_What the task asks_
Every record below should be copied exactly, with the pictures left out.

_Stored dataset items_
******

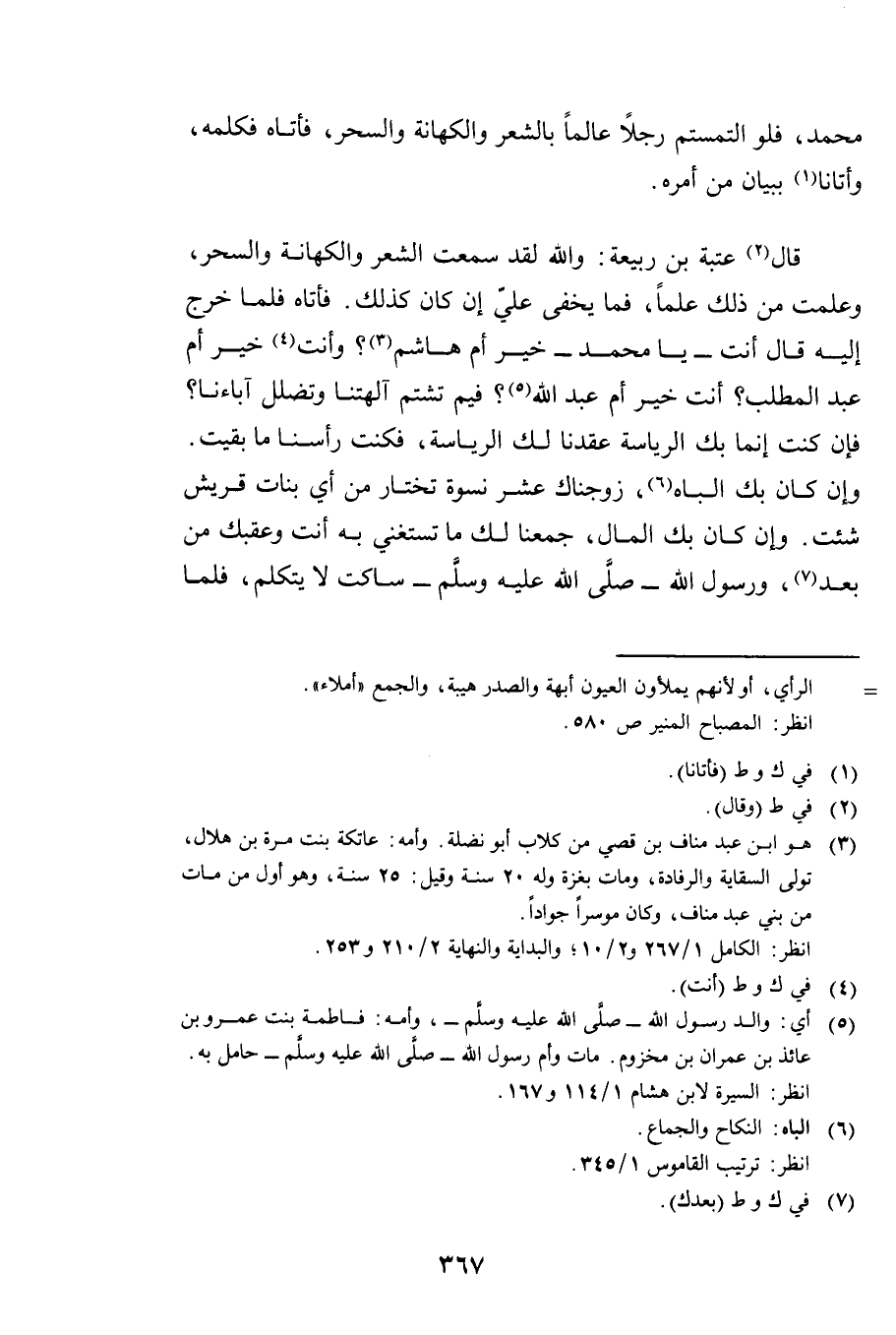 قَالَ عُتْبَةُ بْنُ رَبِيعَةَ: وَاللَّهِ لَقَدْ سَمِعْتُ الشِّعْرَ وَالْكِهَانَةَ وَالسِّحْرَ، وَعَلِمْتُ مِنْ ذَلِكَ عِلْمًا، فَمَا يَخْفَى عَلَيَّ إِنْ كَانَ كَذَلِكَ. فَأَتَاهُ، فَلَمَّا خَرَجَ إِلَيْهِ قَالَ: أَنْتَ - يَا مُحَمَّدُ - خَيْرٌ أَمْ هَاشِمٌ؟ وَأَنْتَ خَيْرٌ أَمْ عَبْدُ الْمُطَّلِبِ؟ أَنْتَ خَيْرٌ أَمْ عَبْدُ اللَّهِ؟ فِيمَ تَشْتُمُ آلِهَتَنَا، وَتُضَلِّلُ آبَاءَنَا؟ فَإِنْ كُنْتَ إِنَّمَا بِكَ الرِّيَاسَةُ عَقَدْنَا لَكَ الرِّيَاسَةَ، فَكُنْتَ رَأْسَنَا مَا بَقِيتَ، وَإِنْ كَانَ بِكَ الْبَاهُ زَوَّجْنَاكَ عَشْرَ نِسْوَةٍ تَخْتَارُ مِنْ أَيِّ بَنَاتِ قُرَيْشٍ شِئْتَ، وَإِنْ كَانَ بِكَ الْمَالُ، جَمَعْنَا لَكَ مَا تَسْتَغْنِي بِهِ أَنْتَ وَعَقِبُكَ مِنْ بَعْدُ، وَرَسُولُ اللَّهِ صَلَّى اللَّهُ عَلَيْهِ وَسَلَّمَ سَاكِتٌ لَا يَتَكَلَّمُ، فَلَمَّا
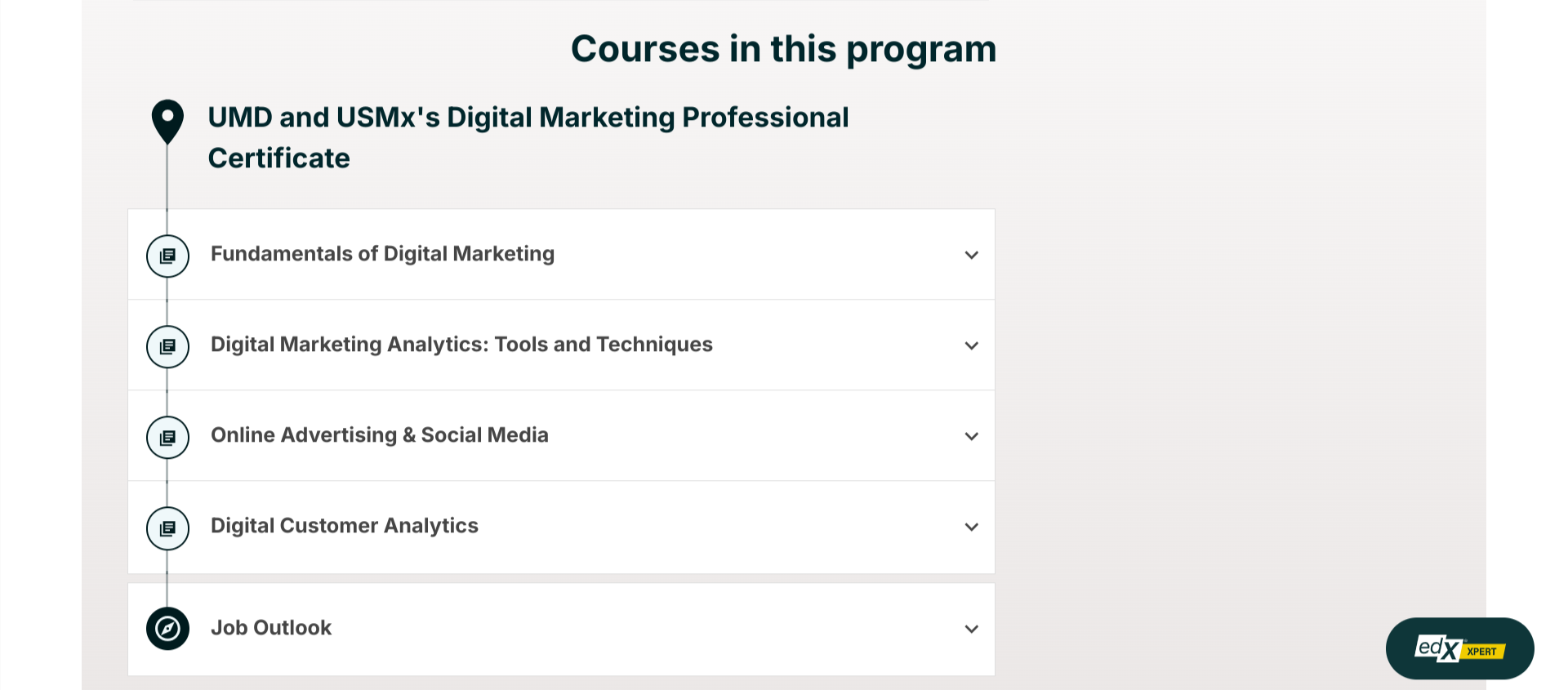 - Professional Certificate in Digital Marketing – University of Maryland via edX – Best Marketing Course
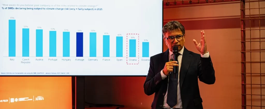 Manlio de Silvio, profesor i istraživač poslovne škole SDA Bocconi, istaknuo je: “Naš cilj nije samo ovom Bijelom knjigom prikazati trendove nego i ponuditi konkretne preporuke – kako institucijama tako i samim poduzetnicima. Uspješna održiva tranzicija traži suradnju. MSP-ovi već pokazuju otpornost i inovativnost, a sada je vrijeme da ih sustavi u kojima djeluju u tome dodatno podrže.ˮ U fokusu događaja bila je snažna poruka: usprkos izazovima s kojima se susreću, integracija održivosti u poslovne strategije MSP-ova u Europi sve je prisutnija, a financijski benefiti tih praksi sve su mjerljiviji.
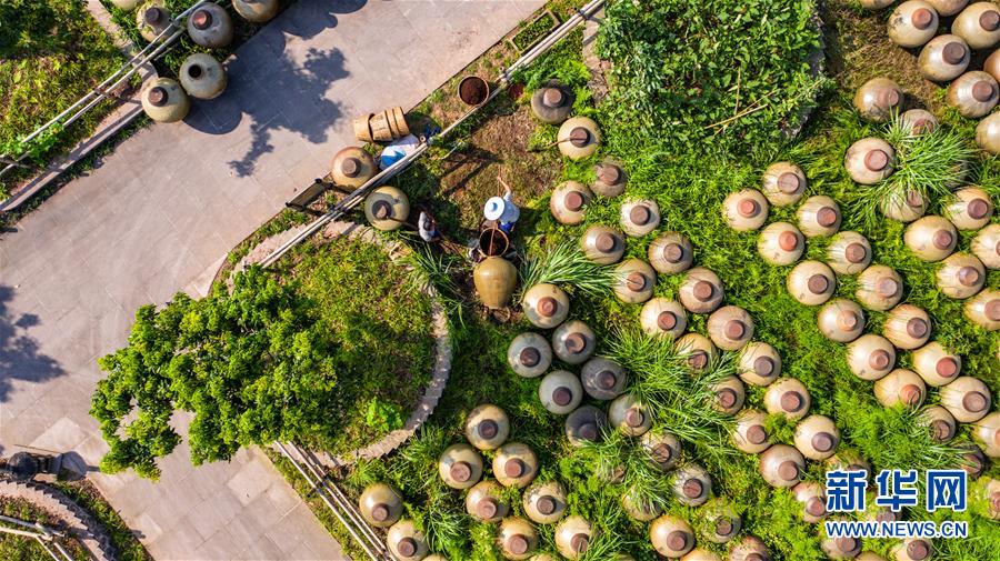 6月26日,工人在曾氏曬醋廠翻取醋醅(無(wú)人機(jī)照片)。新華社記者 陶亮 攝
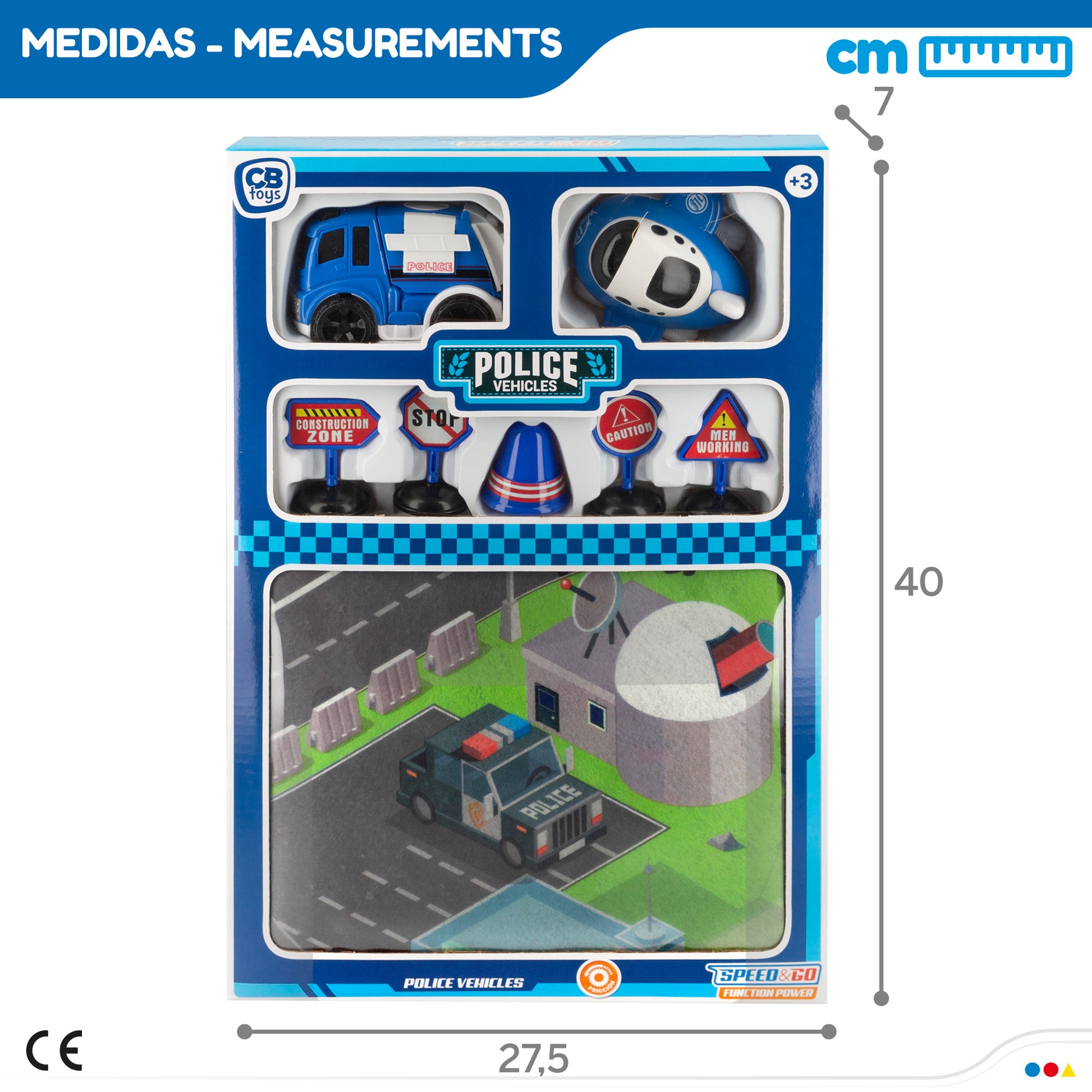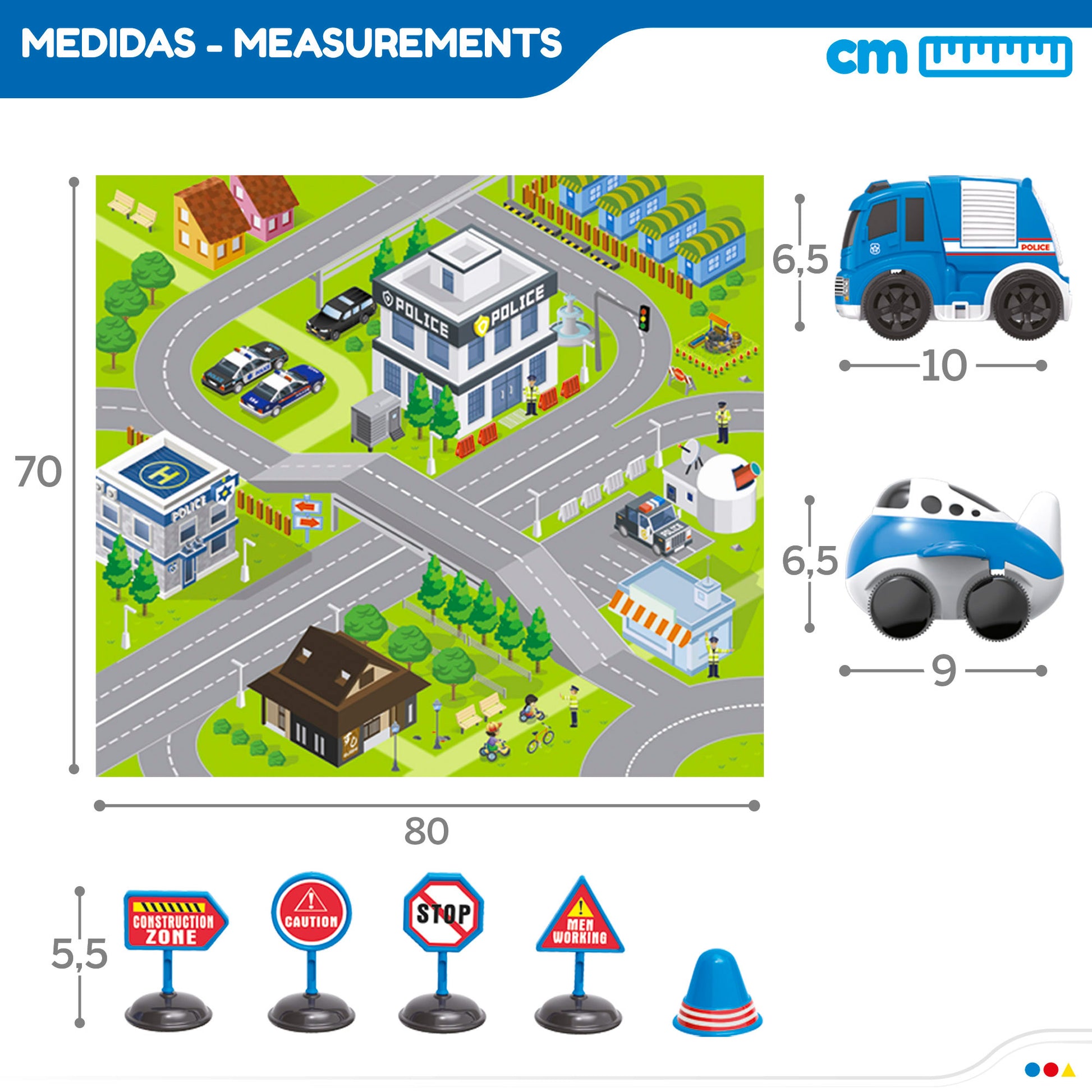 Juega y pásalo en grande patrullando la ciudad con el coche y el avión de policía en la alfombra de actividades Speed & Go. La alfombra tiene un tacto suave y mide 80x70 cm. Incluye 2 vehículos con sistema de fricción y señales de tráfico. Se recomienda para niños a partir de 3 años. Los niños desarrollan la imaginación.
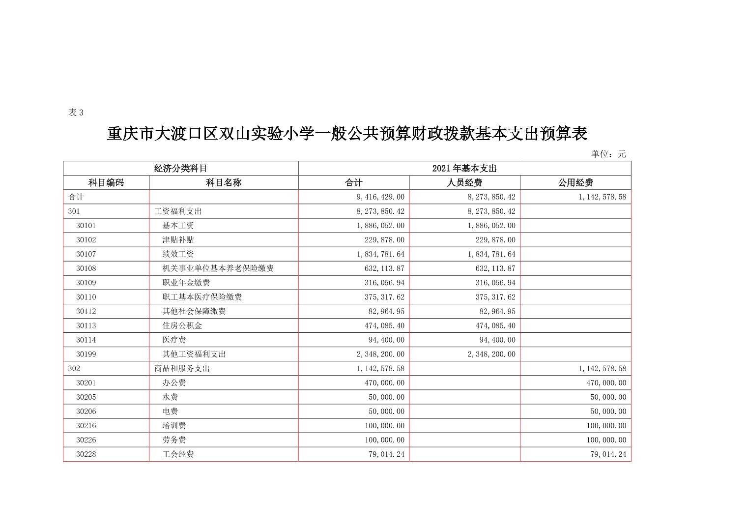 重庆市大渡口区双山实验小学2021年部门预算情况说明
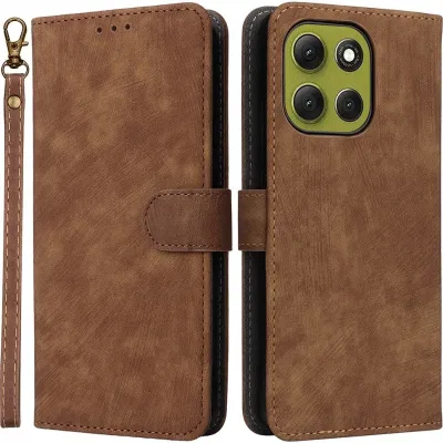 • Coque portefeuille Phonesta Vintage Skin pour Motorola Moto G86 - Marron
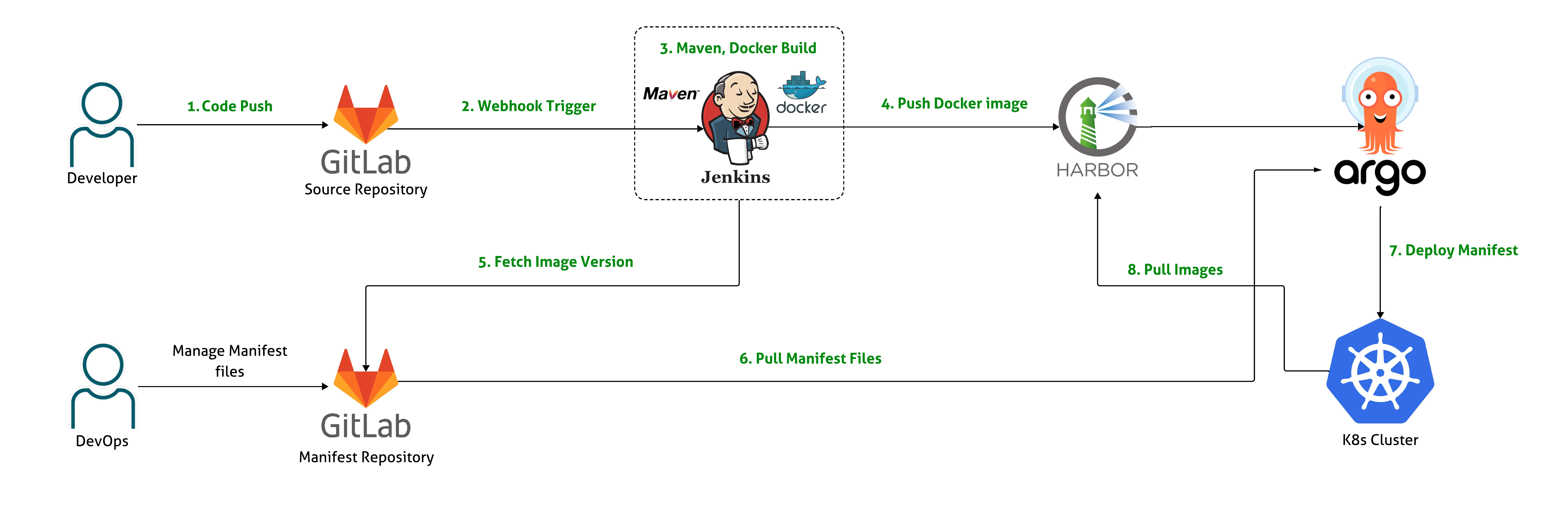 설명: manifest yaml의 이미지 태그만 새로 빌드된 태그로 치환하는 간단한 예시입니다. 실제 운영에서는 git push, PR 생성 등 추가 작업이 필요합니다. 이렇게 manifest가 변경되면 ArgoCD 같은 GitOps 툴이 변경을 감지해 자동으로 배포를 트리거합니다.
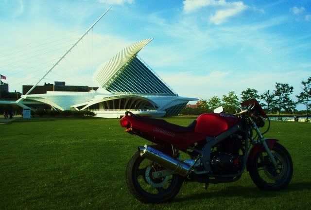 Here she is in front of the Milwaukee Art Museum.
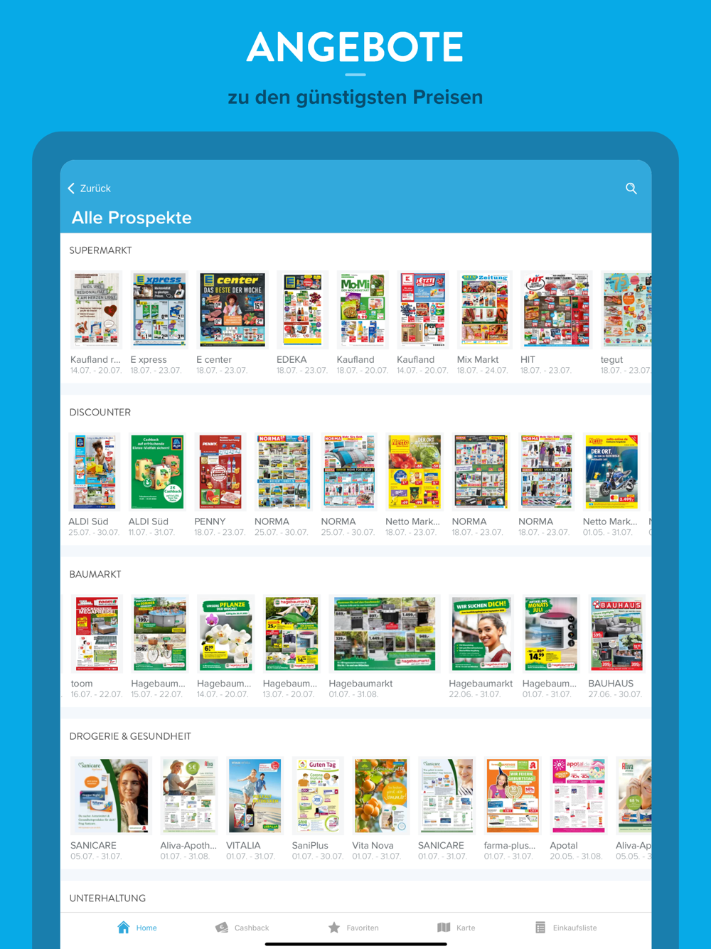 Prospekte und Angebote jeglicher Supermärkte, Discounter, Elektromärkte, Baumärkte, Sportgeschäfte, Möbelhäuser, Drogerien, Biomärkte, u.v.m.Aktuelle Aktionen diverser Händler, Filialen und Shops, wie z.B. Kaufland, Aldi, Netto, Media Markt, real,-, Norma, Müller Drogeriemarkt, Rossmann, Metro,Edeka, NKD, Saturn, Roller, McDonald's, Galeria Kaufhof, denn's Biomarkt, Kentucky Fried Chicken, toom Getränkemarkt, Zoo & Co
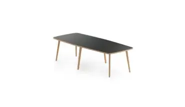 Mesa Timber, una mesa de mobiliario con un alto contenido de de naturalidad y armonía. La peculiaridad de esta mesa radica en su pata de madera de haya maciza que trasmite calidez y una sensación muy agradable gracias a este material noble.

******

_Reply to the task_
 قَالَ عُتْبَةُ بْنُ رَبِيعَةَ: وَاللَّهِ لَقَدْ سَمِعْتُ الشِّعْرَ وَالْكِهَانَةَ وَالسِّحْرَ، وَعَلِمْتُ مِنْ ذَلِكَ عِلْمًا، فَمَا يَخْفَى عَلَيَّ إِنْ كَانَ كَذَلِكَ. فَأَتَاهُ، فَلَمَّا خَرَجَ إِلَيْهِ قَالَ: أَنْتَ - يَا مُحَمَّدُ - خَيْرٌ أَمْ هَاشِمٌ؟ وَأَنْتَ خَيْرٌ أَمْ عَبْدُ الْمُطَّلِبِ؟ أَنْتَ خَيْرٌ أَمْ عَبْدُ اللَّهِ؟ فِيمَ تَشْتُمُ آلِهَتَنَا، وَتُضَلِّلُ آبَاءَنَا؟ فَإِنْ كُنْتَ إِنَّمَا بِكَ الرِّيَاسَةُ عَقَدْنَا لَكَ الرِّيَاسَةَ، فَكُنْتَ رَأْسَنَا مَا بَقِيتَ، وَإِنْ كَانَ بِكَ الْبَاهُ زَوَّجْنَاكَ عَشْرَ نِسْوَةٍ تَخْتَارُ مِنْ أَيِّ بَنَاتِ قُرَيْشٍ شِئْتَ، وَإِنْ كَانَ بِكَ الْمَالُ، جَمَعْنَا لَكَ مَا تَسْتَغْنِي بِهِ أَنْتَ وَعَقِبُكَ مِنْ بَعْدُ، وَرَسُولُ اللَّهِ صَلَّى اللَّهُ عَلَيْهِ وَسَلَّمَ سَاكِتٌ لَا يَتَكَلَّمُ، فَلَمَّا
 - Professional Certificate in Digital Marketing – University of Maryland via edX – Best Marketing Course
 Manlio de Silvio, profesor i istraživač poslovne škole SDA Bocconi, istaknuo je: “Naš cilj nije samo ovom Bijelom knjigom prikazati trendove nego i ponuditi konkretne preporuke – kako institucijama tako i samim poduzetnicima. Uspješna održiva tranzicija traži suradnju. MSP-ovi već pokazuju otpornost i inovativnost, a sada je vrijeme da ih sustavi u kojima djeluju u tome dodatno podrže.ˮ U fokusu događaja bila je snažna poruka: usprkos izazovima s kojima se susreću, integracija održivosti u poslovne strategije MSP-ova u Europi sve je prisutnija, a financijski benefiti tih praksi sve su mjerljiviji.
 6月26日,工人在曾氏曬醋廠翻取醋醅(無(wú)人機(jī)照片)。新華社記者 陶亮 攝
 Juega y pásalo en grande patrullando la ciudad con el coche y el avión de policía en la alfombra de actividades Speed & Go. La alfombra tiene un tacto suave y mide 80x70 cm. Incluye 2 vehículos con sistema de fricción y señales de tráfico. Se recomienda para niños a partir de 3 años. Los niños desarrollan la imaginación.
 重庆市大渡口区双山实验小学2021年部门预算情况说明
 • Coque portefeuille Phonesta Vintage Skin pour Motorola Moto G86 - Marron
 설명: manifest yaml의 이미지 태그만 새로 빌드된 태그로 치환하는 간단한 예시입니다. 실제 운영에서는 git push, PR 생성 등 추가 작업이 필요합니다. 이렇게 manifest가 변경되면 ArgoCD 같은 GitOps 툴이 변경을 감지해 자동으로 배포를 트리거합니다.
 Here she is in front of the Milwaukee Art Museum.
 Prospekte und Angebote jeglicher Supermärkte, Discounter, Elektromärkte, Baumärkte, Sportgeschäfte, Möbelhäuser, Drogerien, Biomärkte, u.v.m.Aktuelle Aktionen diverser Händler, Filialen und Shops, wie z.B. Kaufland, Aldi, Netto, Media Markt, real,-, Norma, Müller Drogeriemarkt, Rossmann, Metro,Edeka, NKD, Saturn, Roller, McDonald's, Galeria Kaufhof, denn's Biomarkt, Kentucky Fried Chicken, toom Getränkemarkt, Zoo & Co
 Mesa Timber, una mesa de mobiliario con un alto contenido de de naturalidad y armonía. La peculiaridad de esta mesa radica en su pata de madera de haya maciza que trasmite calidez y una sensación muy agradable gracias a este material noble.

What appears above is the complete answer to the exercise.